**Exercise instructions**. Repeat exactly, and only, the lines below starting at the line that contains "- 「社会で子どもを育てる」教育NPO団体の学生インターン募集!" and ending at the line that contains "When the now", inclusive of both.

**Material to process**.

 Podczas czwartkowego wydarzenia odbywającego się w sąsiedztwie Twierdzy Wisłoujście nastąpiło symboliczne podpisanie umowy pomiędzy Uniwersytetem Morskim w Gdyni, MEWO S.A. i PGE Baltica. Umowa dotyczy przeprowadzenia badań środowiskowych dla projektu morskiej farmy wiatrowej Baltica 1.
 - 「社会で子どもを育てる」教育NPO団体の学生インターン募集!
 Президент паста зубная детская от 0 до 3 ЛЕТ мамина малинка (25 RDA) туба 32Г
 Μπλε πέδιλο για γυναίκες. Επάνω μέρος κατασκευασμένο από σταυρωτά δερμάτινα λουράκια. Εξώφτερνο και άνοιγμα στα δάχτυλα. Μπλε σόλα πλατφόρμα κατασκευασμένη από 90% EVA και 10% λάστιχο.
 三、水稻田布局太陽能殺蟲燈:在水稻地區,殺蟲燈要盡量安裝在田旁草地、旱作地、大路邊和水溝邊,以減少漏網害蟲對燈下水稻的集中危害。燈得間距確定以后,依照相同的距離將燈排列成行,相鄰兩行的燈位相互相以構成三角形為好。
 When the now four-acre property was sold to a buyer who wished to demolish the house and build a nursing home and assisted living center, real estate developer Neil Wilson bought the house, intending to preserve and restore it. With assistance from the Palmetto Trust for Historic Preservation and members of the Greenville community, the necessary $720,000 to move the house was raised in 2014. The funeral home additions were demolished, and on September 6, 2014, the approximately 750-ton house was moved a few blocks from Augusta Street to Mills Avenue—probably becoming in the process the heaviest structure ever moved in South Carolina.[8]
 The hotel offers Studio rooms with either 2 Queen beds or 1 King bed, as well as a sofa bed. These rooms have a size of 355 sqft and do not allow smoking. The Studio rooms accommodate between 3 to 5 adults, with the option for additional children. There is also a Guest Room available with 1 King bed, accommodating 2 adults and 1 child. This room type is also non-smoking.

--

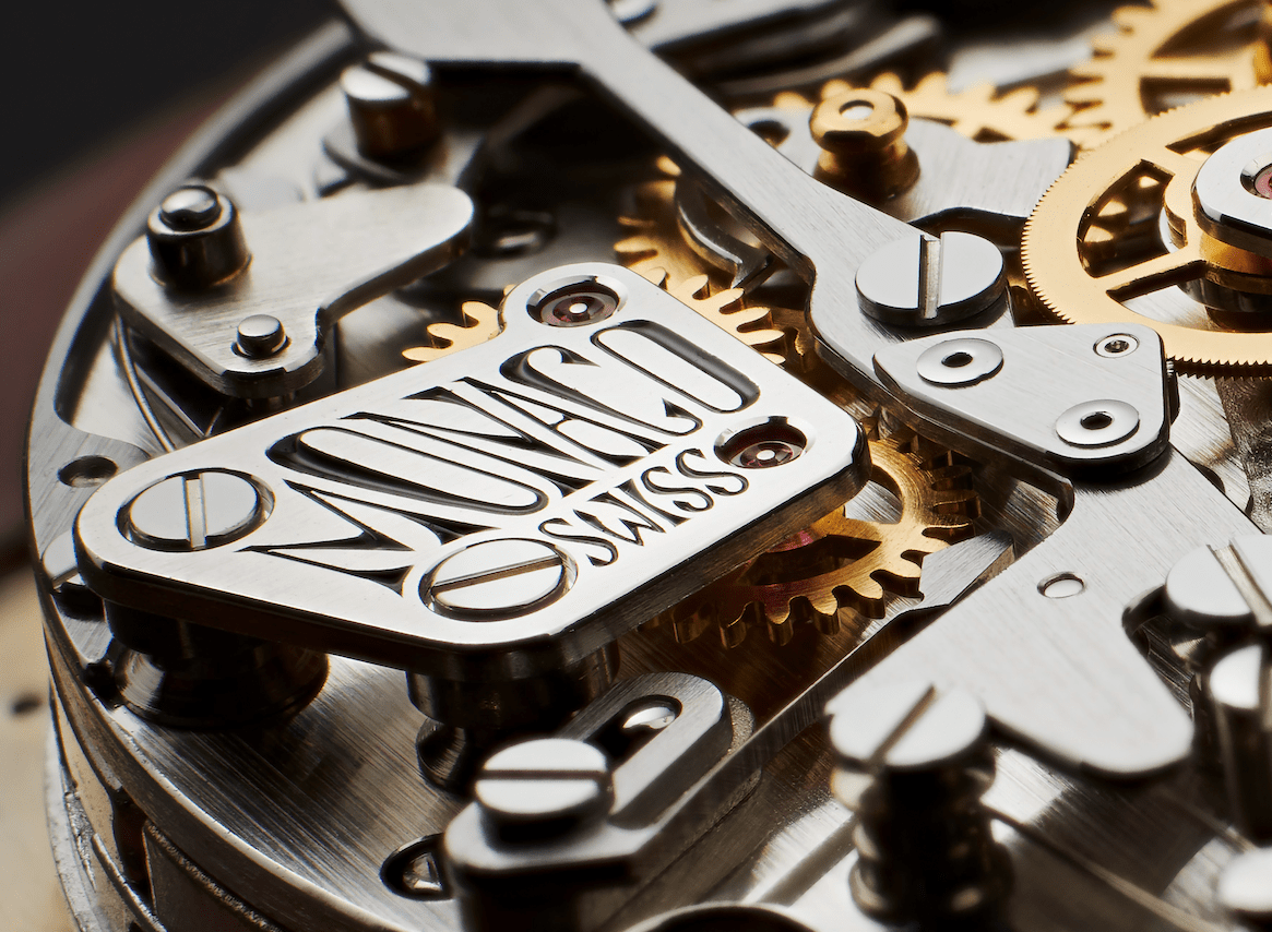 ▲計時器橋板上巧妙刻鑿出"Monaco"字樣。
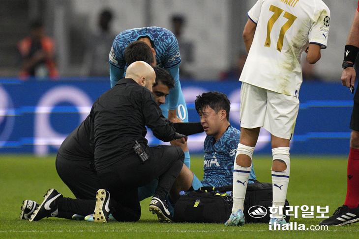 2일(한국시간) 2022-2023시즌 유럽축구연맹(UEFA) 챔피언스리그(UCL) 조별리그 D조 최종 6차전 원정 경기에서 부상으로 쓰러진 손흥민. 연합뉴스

**Reply to the exercise**.
 - 「社会で子どもを育てる」教育NPO団体の学生インターン募集!
 Президент паста зубная детская от 0 до 3 ЛЕТ мамина малинка (25 RDA) туба 32Г
 Μπλε πέδιλο για γυναίκες. Επάνω μέρος κατασκευασμένο από σταυρωτά δερμάτινα λουράκια. Εξώφτερνο και άνοιγμα στα δάχτυλα. Μπλε σόλα πλατφόρμα κατασκευασμένη από 90% EVA και 10% λάστιχο.
 三、水稻田布局太陽能殺蟲燈:在水稻地區,殺蟲燈要盡量安裝在田旁草地、旱作地、大路邊和水溝邊,以減少漏網害蟲對燈下水稻的集中危害。燈得間距確定以后,依照相同的距離將燈排列成行,相鄰兩行的燈位相互相以構成三角形為好。
 When the now four-acre property was sold to a buyer who wished to demolish the house and build a nursing home and assisted living center, real estate developer Neil Wilson bought the house, intending to preserve and restore it. With assistance from the Palmetto Trust for Historic Preservation and members of the Greenville community, the necessary $720,000 to move the house was raised in 2014. The funeral home additions were demolished, and on September 6, 2014, the approximately 750-ton house was moved a few blocks from Augusta Street to Mills Avenue—probably becoming in the process the heaviest structure ever moved in South Carolina.[8]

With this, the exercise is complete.